И весь вечер мы смеёмся с толстым Полем и Кристианом (они нависают над своими пивными кружками, а я прошу только мятного чая с имбирём), я спрашиваю по-французски про футбол и про лучших игроков, потому что немецкий слишком беден пока, как нищий на паперти, и я смотрю на большой экран, и льёт тёплый дождь...
Я больше никогда не приду к толстому Полю и Кристиану, я напиталась сполна всем тем, что они любят, наутро я написала про них. Меланхолия октября на убыль. Жара разгорается невыносимо, как изнурительное, затянувшееся прощание...
…Я больше не хожу после занятий немецким гулять с тем самым красивым парнем из нашей группы под тёплыми шлепками дождя. Отыскивая вежливый предлог, я отказываюсь вместе с ним готовиться к выпускному экзамену. Он тихо произносит: «de profundis». Короткая вспышка, нужно бы что-то ответить, и я малодушно, предательски говорю: «Я не понимаю латыни». Я больше не встречаюсь с ним взглядом, я прямо и прозрачно смотрю перед собой, пока он жадно пьёт глазами. Мы всегда предаём тех, кого любим больше всех.
Утром пронзительно звонит будильник. За окном – опадающий сад.

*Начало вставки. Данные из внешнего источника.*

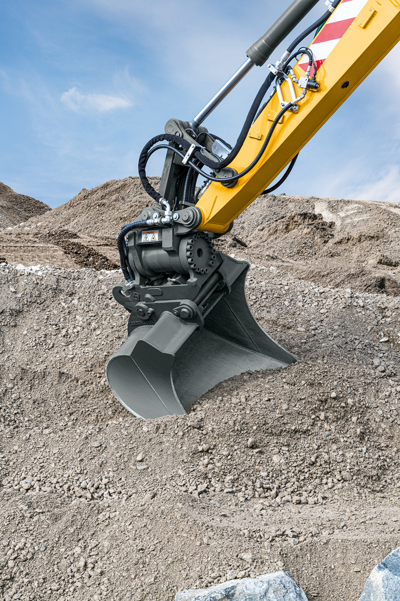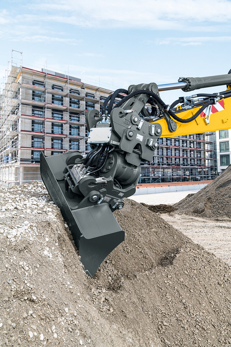 Bei klassischen Erdbewegungsarbeiten, wie beim Aushub oder Transport unterschiedlicher Materialien, werden vorwiegend starre Löffel eingesetzt. Um Erdwälle abziehen und modellieren, bzw. Planier- und Grabenräumarbeiten sowie Abbruch- oder Recycling-Arbeiten durchführen zu können, ist ein gewisser Schwenkwinkel von Vorteil. Mit der neuen LiTiU-Einheit wird jedes starre Anbauwerkzeug zu einer schwenkbaren Einheit, ohne dass ein Anbauwerkzeugwechsel vorgenommen werden muss. Auch bereits hydraulische Anbauwerkzeuge können für einen noch größeren Schwenkwinkel mit der LiTiU-Einheit kombiniert werden, sowie Anbauwerkzeuge anderer Hersteller wie beispielsweise Rüttelplatten oder Mulcher. Die Mobil- und Raupenbagger sind mit dem neuen Liebherr-Anbauwerkzeug noch flexibler einsetzbar. Gleichzeitig wird die Produktivität gesteigert, da mit dem generierten Schwenkwinkel auch schwer zugängliche Stellen bearbeiten werden können, ohne dass eine Neupositionierung der Maschine notwendig ist. t

И только что по Штаргардер-штрассе после ночного перерыва проехал первый трамвай, и заспанный кельнер с красным румянцем в пол-лица и длинным белым фартуком поверх чёрных, с отутюженной складкой, брюк, всю ночь разносивший пиво и добротно прожаренную свинину, поднявшись на металлическую стремянку, окутывает цветной, похожей на Рождественскую, гирляндой, разросшиеся ветки каштана. Ветки прогибаются под тяжестью электрических огней и, оголяясь, роняют последнюю листву. Толстый Поль стоит внизу и придерживает лестницу, чтобы его товарищ случайно не упал после бессонной ночи. И тут же красивый Кристиан длинной щёточкой томно сбрасывает листья со столов. Толстый Поль уговорил хозяина кафе с отполированными ногтями принять на работу Кристиана. Его не взяли в официанты из-за глупости, но его взяли молчаливо стоять на входе… Всё это означает, что сегодня – особенный день октября – какой-то их праздник посреди нашей праздной, невыносимо весёлой жизни…

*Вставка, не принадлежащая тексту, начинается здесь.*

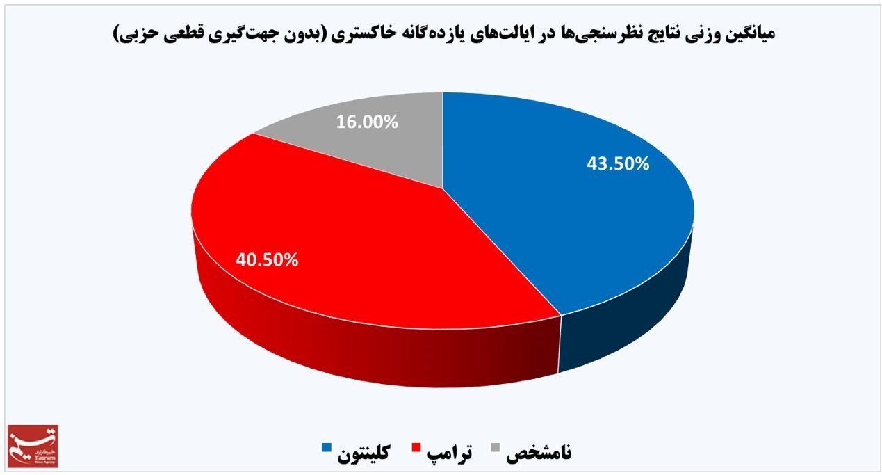 در مجموع نیز با احتساب «میانگین وزنی» ــ که از ترکیب اقبال عمومی در تمامی این ایالت‌ها به هر یک از دو نامزد و تعداد آرای الکترال هر ایالت حاصل شده است ــ هیلاری کلینتون 3 درصد جلوتر از ترامپ است، این در حالی است که اختلاف این دو براساس همین شاخص در هفته پیش برابر با 3.7 درصد بود.

Однажды мы сталкиваемся на выходе из метро, и всё так же обманчиво-тёплый полдень, и всё так же со звоном проезжает трамвай, и просто случайная девушка рассмеялась на вопрос посреди улицы: «Который час?»...

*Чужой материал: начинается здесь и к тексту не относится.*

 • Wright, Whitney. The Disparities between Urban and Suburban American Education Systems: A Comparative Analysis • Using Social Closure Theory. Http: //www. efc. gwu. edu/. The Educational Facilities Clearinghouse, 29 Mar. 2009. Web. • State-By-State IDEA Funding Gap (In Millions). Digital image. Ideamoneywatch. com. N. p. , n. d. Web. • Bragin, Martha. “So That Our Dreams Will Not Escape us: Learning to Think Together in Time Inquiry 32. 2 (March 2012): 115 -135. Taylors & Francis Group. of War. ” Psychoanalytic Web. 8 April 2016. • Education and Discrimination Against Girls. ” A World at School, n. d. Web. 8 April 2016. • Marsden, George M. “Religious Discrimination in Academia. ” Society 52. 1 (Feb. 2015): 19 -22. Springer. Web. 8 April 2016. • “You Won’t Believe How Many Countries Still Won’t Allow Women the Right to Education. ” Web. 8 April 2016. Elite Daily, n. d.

«Ну как твои французы? – спрашиваю я. А он молчит. – Как Поль и Кристиан? – но он не отвечает, и мы просто идём рядом. Я беру его за руку. Все правила давно отменены. – Как твой футбол на большом экране в Eckekneipe?» – «У нас через неделю экзамен. – Он очень вежлив. Он избегает встречаться взглядом. Он прохладно высвобождает руку. – Я немного устал…» – «Так ты больше не ходишь?» – вдруг понимаю я. «Я больше не хожу»... – «Но почему? Скажи, почему?» – «А мне больше не надо...»
И октябрь. И осень безоговорочно вступает в свои права.